Через несколько лет Андрей пошел в школу и там никому не рассказывал о папиных упражнениях уже по другой причине: он перестал удивляться. К тому же выяснилось, что папа умеет не только стоять на голове, но может, поджав ноги к груди, удержать равновесие на руках, да и вообще принимать самые необычные позы – асаны, – названные в честь животных и индийских богов. В глубине души мальчик считал, что все родители именно так проводят время по утрам, – до тех пор, пока не принес домой дневник с записью хулиганил на уроке физкультуры.
– Я не хулиганил, папа! – оправдывался он. – Я только хотел показать им «собаку мордой вниз»!
Валера расписался в дневнике – мол, с замечанием ознакомлен, приму меры – и задумчиво поглядел на сына.
– Ты вообще знаешь, Андрюш, что про йогу не надо рассказывать профанам? – спросил он. («Кто такие…» – начал мальчик.) – Ну, то есть непосвященным. Тем, кто не собирается ее изучать. Короче, не надо об этом говорить в школе. У них своя физкультура, у нас – своя.
Андрей кивнул.
Это был первый урок конспирации в его жизни.

 

В многочисленных интервью, которые Валера давал в пору своей славы, он охотно рассказывал историю своей первой подпольной группы, но ни интервьюеры, ни ученики, ни даже Андрей не знали, что случилось с Валерой снежной февральской ночью в 1977 году.
Валера не соврал Игорю: он в самом деле уволился из школы. Алла рассказала ему притчу про мастера боевых единоборств. Когда его спросили, что он будет делать, если враг за километр прицелится в него из ружья с оптическим прицелом, он ответил: я не появлюсь в этом прицеле. Так и надо жить, пояснила Алла, надо уметь просто исчезать.
И Валера решил исчезнуть, затеряться, скрыться с глаз тех, кто мог потребовать от него участия в партийной или любой другой общественной жизни. Он знал, что волка ноги кормят, а в городе крепкий мужик всегда найдет работу, и, действительно, через неделю устроился грузчиком на полставки в соседний магазин. Валера таскал огромные фляги с еще не разбавленной сметаной, разгружал грузовики, привозившие картофель и капусту с соседней овощебазы, и развешивал на крюках в холодильнике замороженные мясные туши, невиданные в стране повального дефицита.
Уложив сына, Валера перелистывал на кухне желтоватые страницы, вчитываясь в тусклые – четвертая копия – буквы. По утрам он стал подниматься на два часа раньше, чтобы выполнить ежедневный набор упражнений (в йоге они назывались асаны) и оставить время для медитации, которая никак ему не давалась. Узнав об этом, Буровский посоветовал Валере поговорить с Наташей – она дольше всех его знакомых увлекалась эзотерическим самиздатом.

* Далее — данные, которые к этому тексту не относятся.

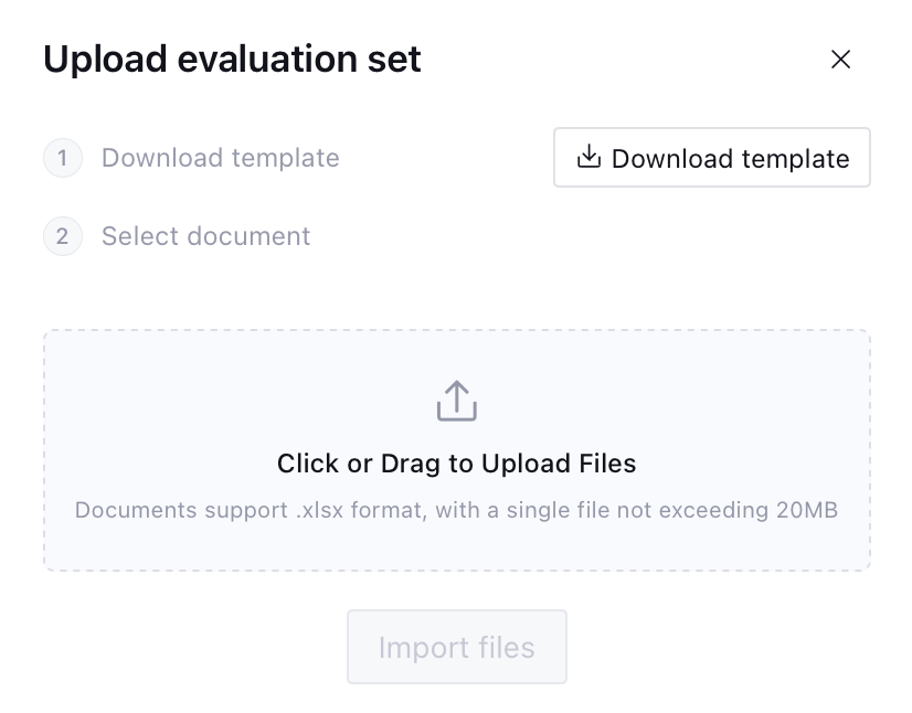 2. Click to upload Evaluation Set, a pop-up window will pop up. Please refer to the upload template to build the evaluation set file.

Наташа была мать-одиночка и вдвоем с десятилетней Зоей жила в однокомнатной у метро «Калужская». Валера захватил с собой бутылку «Киндзмараули», российского сыра, палку финского сервелата и – венец всего! – свежую говяжью вырезку. Все это было побочным результатом работы в магазине, неписаной премией, которой Валера частенько пренебрегал. Когда он выложил дары на кухонный стол, розовые Наташины щеки залились малиновым: она вообще легко краснела, и, глядя, как девушка прикрывает пухлыми ладошками внезапную улыбку, Валера понял, что у него будет еще много возможностей увидеть ее румянец.
Той зимой они встречались несколько раз в неделю – вопреки обещаниям Буровского, познания Наташи оказались невелики, зато у нее был весь базовый набор самиздатовской эзотерики, от самоучителей по йоге до переводов Рамачараки, Ошо, Гурджиева и Блаватской. Вскоре Валера познакомился с Наташиными друзьями, которые, как и он сам, перебивались случайными заработками. Новые знакомые принесли новую музыку и новый облик: вместо катушек Окуджавы и Визбора на полках у Валеры появились поскрипывающие записи «Битлз» и «Роллинг Стоунз», а к Новому году он отрастил длинную бороду и забрал волосы в конский хвост, отчего стал похож на рок-звезду, восточного гуру или главного героя рок-оперы «Джизус Крайст Суперстар».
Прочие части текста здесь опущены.